• **Work request**
When you reach the line with "1층 테라스 구조를 갖춘 카페 임대 매물입니다." in the data below, begin printing lines exactly, and stop once the line with "Papel pintado Adorno" has been printed.

• **Records shown**
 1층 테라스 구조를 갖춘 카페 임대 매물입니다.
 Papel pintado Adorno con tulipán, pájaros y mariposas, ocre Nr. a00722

* * *

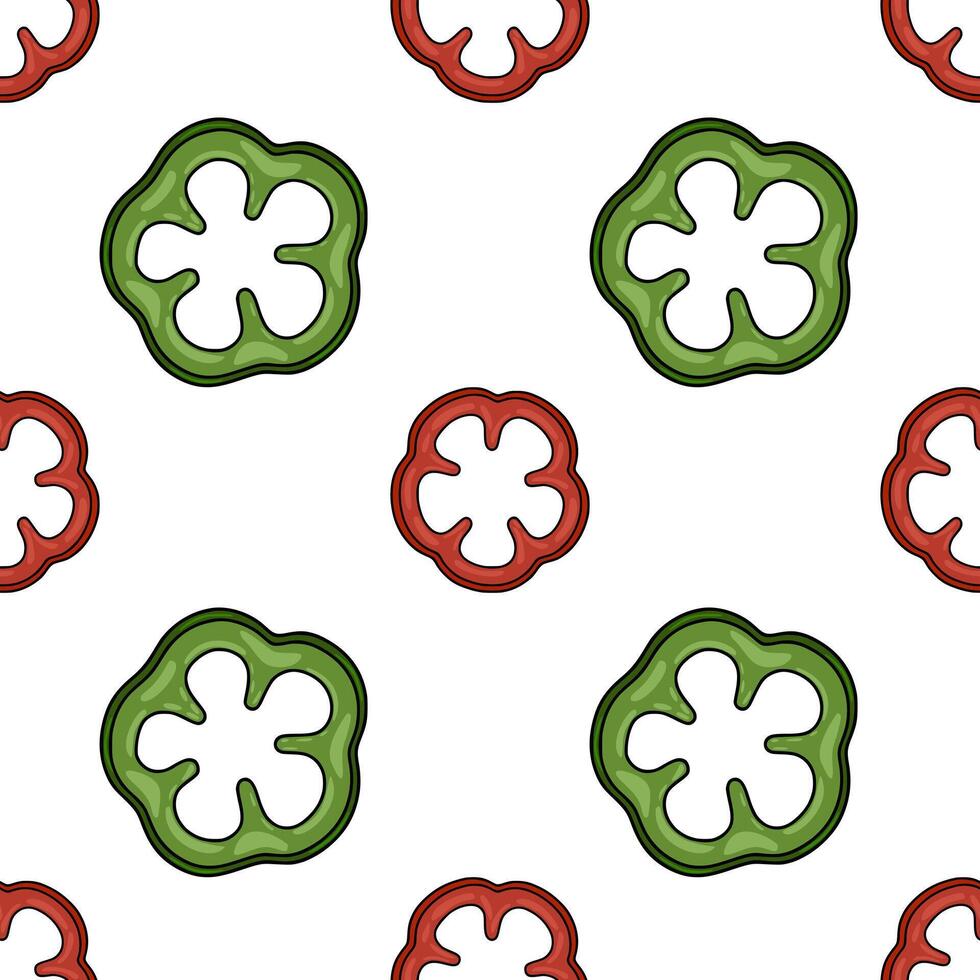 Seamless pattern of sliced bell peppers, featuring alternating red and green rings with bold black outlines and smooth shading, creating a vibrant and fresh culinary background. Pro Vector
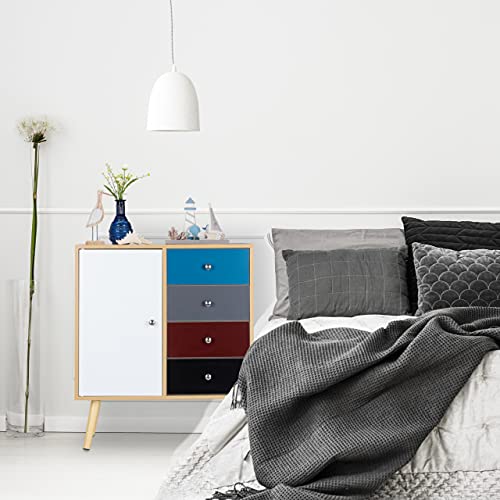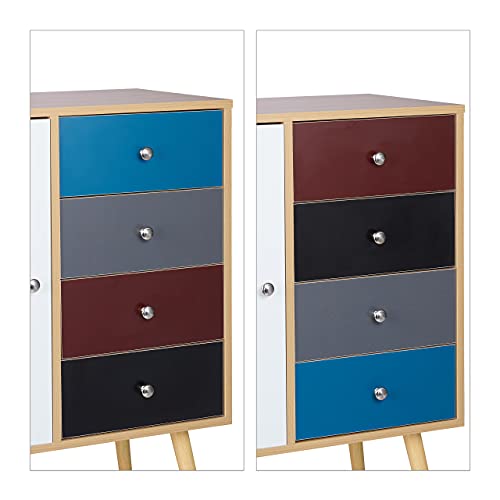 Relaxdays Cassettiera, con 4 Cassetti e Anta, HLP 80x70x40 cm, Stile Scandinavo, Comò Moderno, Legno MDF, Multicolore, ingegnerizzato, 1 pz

• **Reply**
 1층 테라스 구조를 갖춘 카페 임대 매물입니다.
 Papel pintado Adorno con tulipán, pájaros y mariposas, ocre Nr. a00722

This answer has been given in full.